Es ist doch völlig logisch, dass die Bundeswehr, die ohnehin chronisch unterfinanziert ist, zusieht, dass sie sich keine vorbelasteten Halbinvaliden holt. Kann sich hier überhaupt jemand vorstellen, wie Bundeswehrärzte, Zahnärzte etc. von Wehrpflichtigen belagert werden, die noch schnell einen kostenlosen Zahnersatz brauchen? Oder von Rekruten, die sich am Wochenende beim Fußball die Knochen kaputt treten lassen und dann montags freudestrahlend im Bundeswehrkrankenhaus sitzen?
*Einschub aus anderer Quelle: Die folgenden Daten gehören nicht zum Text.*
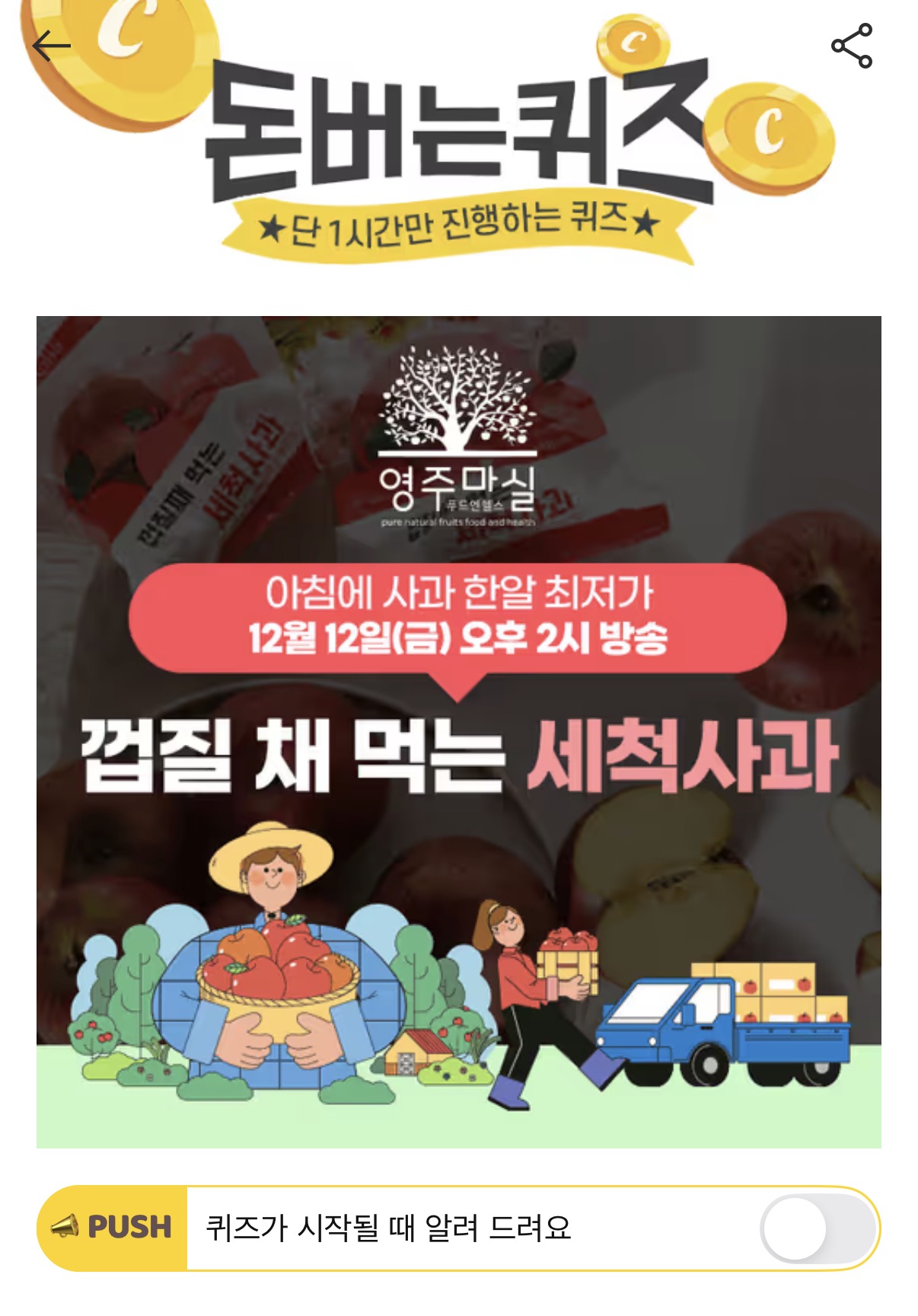 캐시워크 돈버는퀴즈 정답 영주마실 ㅈㅁㅋ TOPS 20% 성수팝업라이브

Ich kann dieses ganze gemeckere nicht nachvollziehen. Ich wollte den Grundwehrdienst als unverbindliche Probezeit nutzen, um herauszufinden, ob ich die Offizierlaufbahn einschlagen will. Ich bin während meiner Ausbildung T1 gemustert worden, weil ich gesagt hab 'nein, nein, gegen den Heuschnupfen brauch ich keine Medikamente, so wild ist das nicht' und dann hab ich mich bis zum Ende der Ausbildung zurückstellen lassen. Mit bestandener Prüfung habe ich mich beim KWE gemeldet und konnte mir einen Ort zum Dienst und die damit verbundene Tätigkeit AUSSUCHEN! Ich bin als Informatikkaufmann mit offenen Armen empfangen worden! Da geblieben bin ich zwar doch nicht, aber das hatte nichts mit den Strukturen der Bundeswehr zu tun. Ich wüsste nicht worüber man sich in dieser ganzen Angelegenheit beschweren sollte. Ich kann ganz gut verstehen, dass die BW sich geeignete GWDL rauspickt, von denen sie profitiert und wo sie nicht nur Geld hinterherschmeißt. KNT
SHODAN_NET, 30.08.2007
5.
Vor paar Jahren wurde ich auf T2 gemustert. Gab auch noch T7er. Aber was heute praktiziert wird, ist ja doof. Dann sollte man die Wehrplficht gleich abschaffen und einen sozialen Dienst für Frauen und Männern einführen. Die bestehende Regelung diskriminiert Männer ohnehin!